**RECORDED DATA:**
____
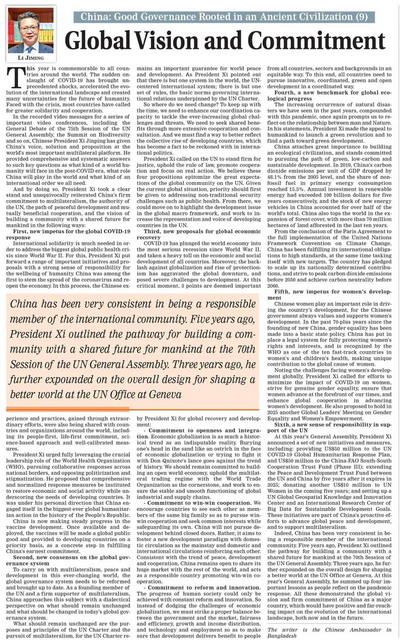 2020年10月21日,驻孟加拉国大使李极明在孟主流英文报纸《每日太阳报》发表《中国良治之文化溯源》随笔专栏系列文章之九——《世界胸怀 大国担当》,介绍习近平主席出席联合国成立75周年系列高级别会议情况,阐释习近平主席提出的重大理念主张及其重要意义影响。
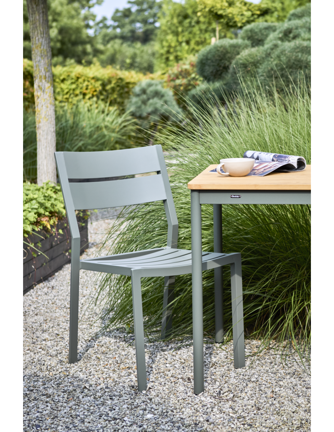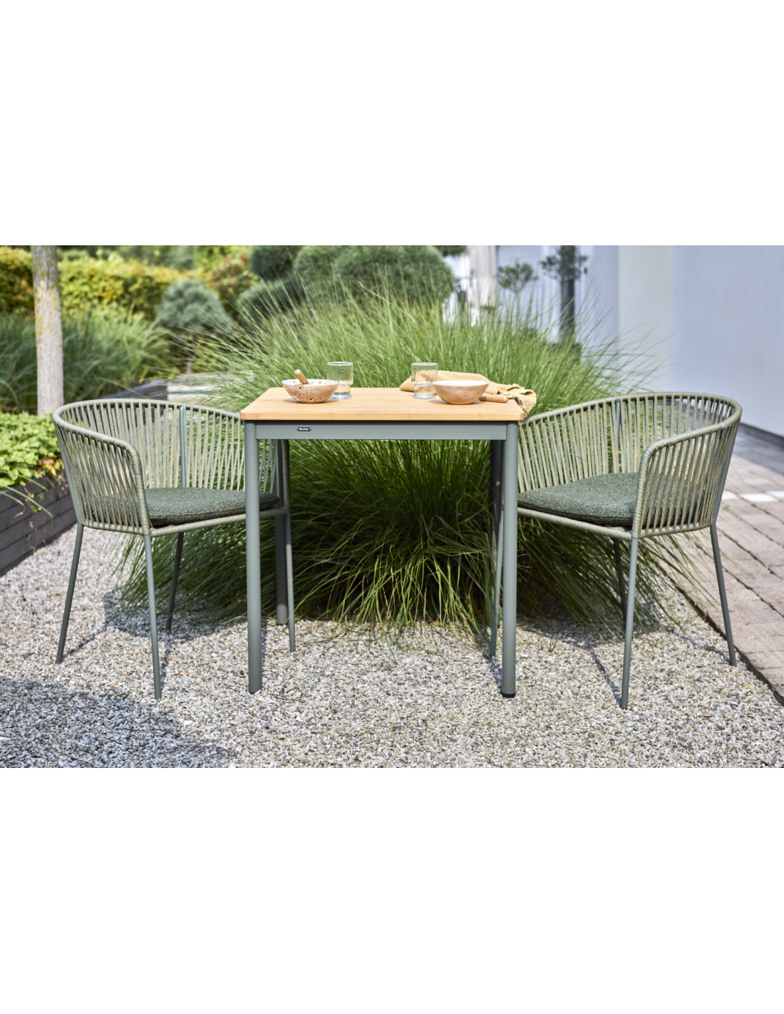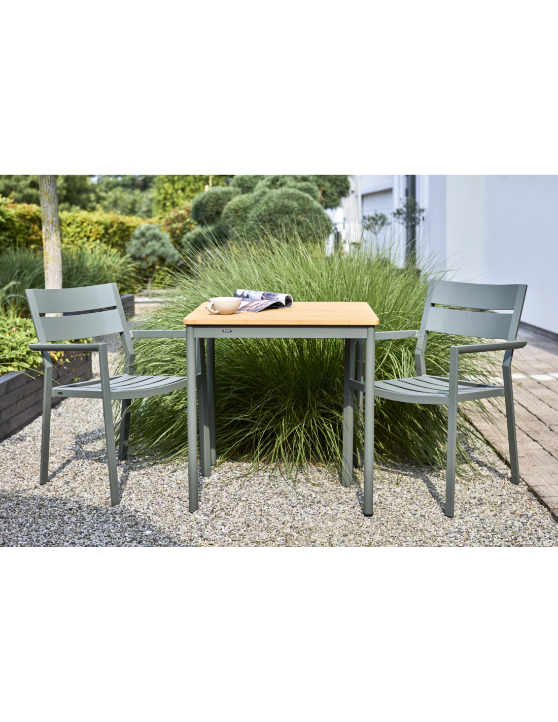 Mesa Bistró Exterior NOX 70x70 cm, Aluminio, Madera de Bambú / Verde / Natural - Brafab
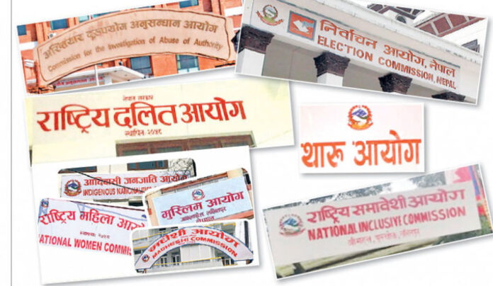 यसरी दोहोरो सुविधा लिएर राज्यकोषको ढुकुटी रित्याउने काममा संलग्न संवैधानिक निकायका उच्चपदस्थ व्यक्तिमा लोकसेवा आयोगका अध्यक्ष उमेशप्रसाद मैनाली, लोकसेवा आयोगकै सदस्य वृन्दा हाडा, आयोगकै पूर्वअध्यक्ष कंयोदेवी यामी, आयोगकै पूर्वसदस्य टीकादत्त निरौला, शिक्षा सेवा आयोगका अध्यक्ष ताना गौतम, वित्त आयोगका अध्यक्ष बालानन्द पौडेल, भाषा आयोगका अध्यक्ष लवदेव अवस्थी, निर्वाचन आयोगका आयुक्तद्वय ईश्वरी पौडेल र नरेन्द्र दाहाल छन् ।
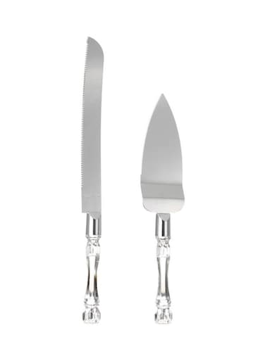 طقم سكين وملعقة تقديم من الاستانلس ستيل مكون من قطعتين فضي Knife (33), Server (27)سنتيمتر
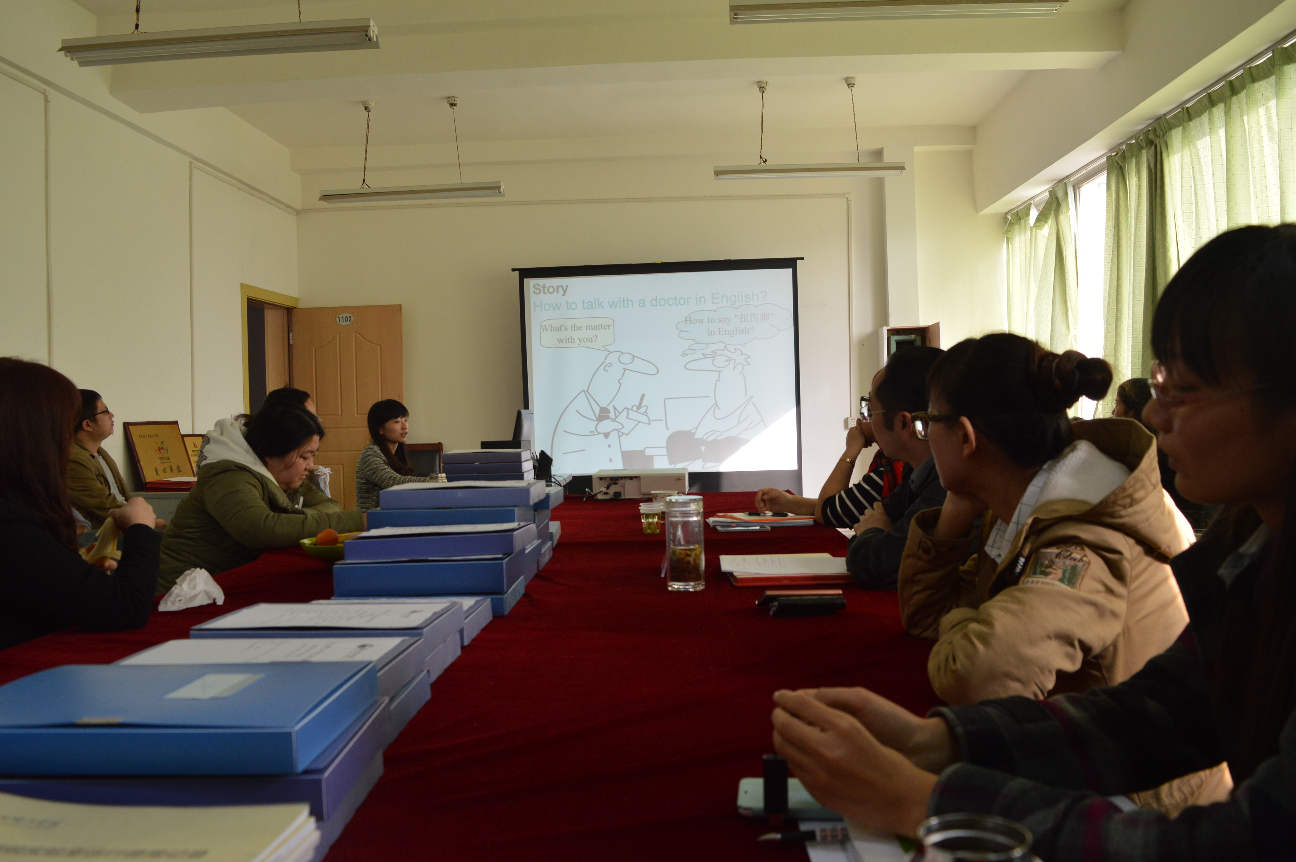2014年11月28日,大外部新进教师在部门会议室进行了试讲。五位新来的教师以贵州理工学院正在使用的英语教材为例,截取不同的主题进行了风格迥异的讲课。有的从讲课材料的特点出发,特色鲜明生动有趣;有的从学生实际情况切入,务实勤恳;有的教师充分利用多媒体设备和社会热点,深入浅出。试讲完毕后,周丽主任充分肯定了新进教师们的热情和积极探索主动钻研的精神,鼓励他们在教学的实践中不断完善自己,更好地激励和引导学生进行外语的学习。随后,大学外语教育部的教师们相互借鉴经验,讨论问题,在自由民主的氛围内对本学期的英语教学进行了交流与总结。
____
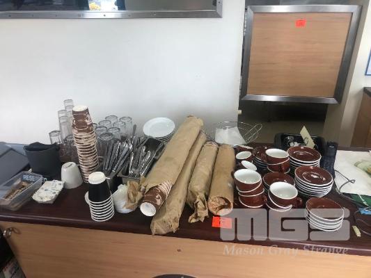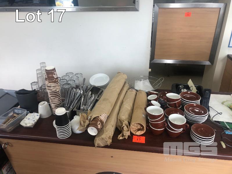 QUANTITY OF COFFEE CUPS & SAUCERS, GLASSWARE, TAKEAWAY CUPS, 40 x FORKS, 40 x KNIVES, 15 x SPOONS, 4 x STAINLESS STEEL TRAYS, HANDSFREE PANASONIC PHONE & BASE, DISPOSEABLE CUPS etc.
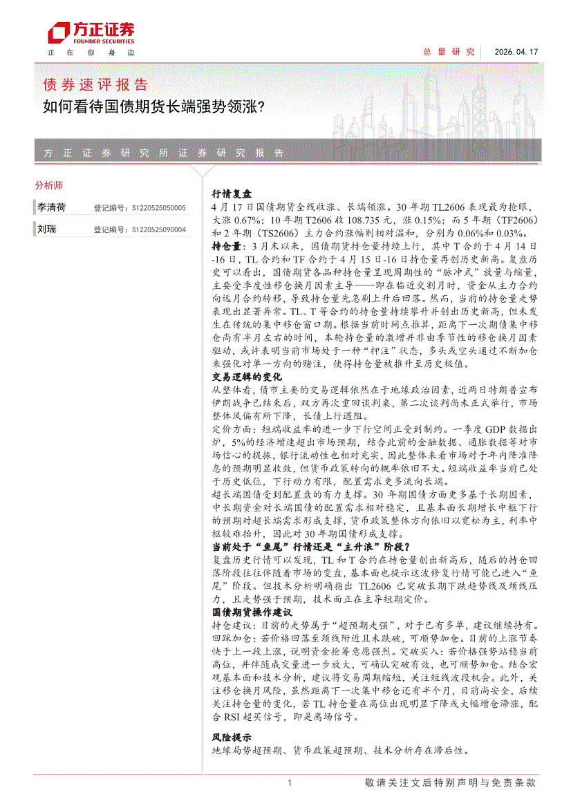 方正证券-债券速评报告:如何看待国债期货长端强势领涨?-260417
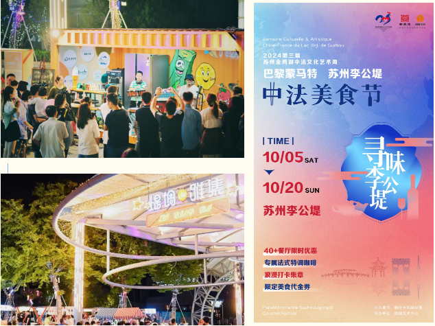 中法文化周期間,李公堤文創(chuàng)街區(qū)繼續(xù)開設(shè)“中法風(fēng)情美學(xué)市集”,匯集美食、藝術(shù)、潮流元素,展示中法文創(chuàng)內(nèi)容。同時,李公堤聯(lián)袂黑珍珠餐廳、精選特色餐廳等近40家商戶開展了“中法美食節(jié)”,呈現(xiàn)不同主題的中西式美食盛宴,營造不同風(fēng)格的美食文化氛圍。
____
**EXERCISE GOAL:** Take the entries above and copy exactly the lines starting at the one with "2020年10月21日,驻孟" and ending at the one with "2014年11月28日,大外"; nothing outside that span, and no pictures.

**SOLUTION BELOW:**
 2020年10月21日,驻孟加拉国大使李极明在孟主流英文报纸《每日太阳报》发表《中国良治之文化溯源》随笔专栏系列文章之九——《世界胸怀 大国担当》,介绍习近平主席出席联合国成立75周年系列高级别会议情况,阐释习近平主席提出的重大理念主张及其重要意义影响。
 Mesa Bistró Exterior NOX 70x70 cm, Aluminio, Madera de Bambú / Verde / Natural - Brafab
 यसरी दोहोरो सुविधा लिएर राज्यकोषको ढुकुटी रित्याउने काममा संलग्न संवैधानिक निकायका उच्चपदस्थ व्यक्तिमा लोकसेवा आयोगका अध्यक्ष उमेशप्रसाद मैनाली, लोकसेवा आयोगकै सदस्य वृन्दा हाडा, आयोगकै पूर्वअध्यक्ष कंयोदेवी यामी, आयोगकै पूर्वसदस्य टीकादत्त निरौला, शिक्षा सेवा आयोगका अध्यक्ष ताना गौतम, वित्त आयोगका अध्यक्ष बालानन्द पौडेल, भाषा आयोगका अध्यक्ष लवदेव अवस्थी, निर्वाचन आयोगका आयुक्तद्वय ईश्वरी पौडेल र नरेन्द्र दाहाल छन् ।
 طقم سكين وملعقة تقديم من الاستانلس ستيل مكون من قطعتين فضي Knife (33), Server (27)سنتيمتر
2014年11月28日,大外部新进教师在部门会议室进行了试讲。五位新来的教师以贵州理工学院正在使用的英语教材为例,截取不同的主题进行了风格迥异的讲课。有的从讲课材料的特点出发,特色鲜明生动有趣;有的从学生实际情况切入,务实勤恳;有的教师充分利用多媒体设备和社会热点,深入浅出。试讲完毕后,周丽主任充分肯定了新进教师们的热情和积极探索主动钻研的精神,鼓励他们在教学的实践中不断完善自己,更好地激励和引导学生进行外语的学习。随后,大学外语教育部的教师们相互借鉴经验,讨论问题,在自由民主的氛围内对本学期的英语教学进行了交流与总结。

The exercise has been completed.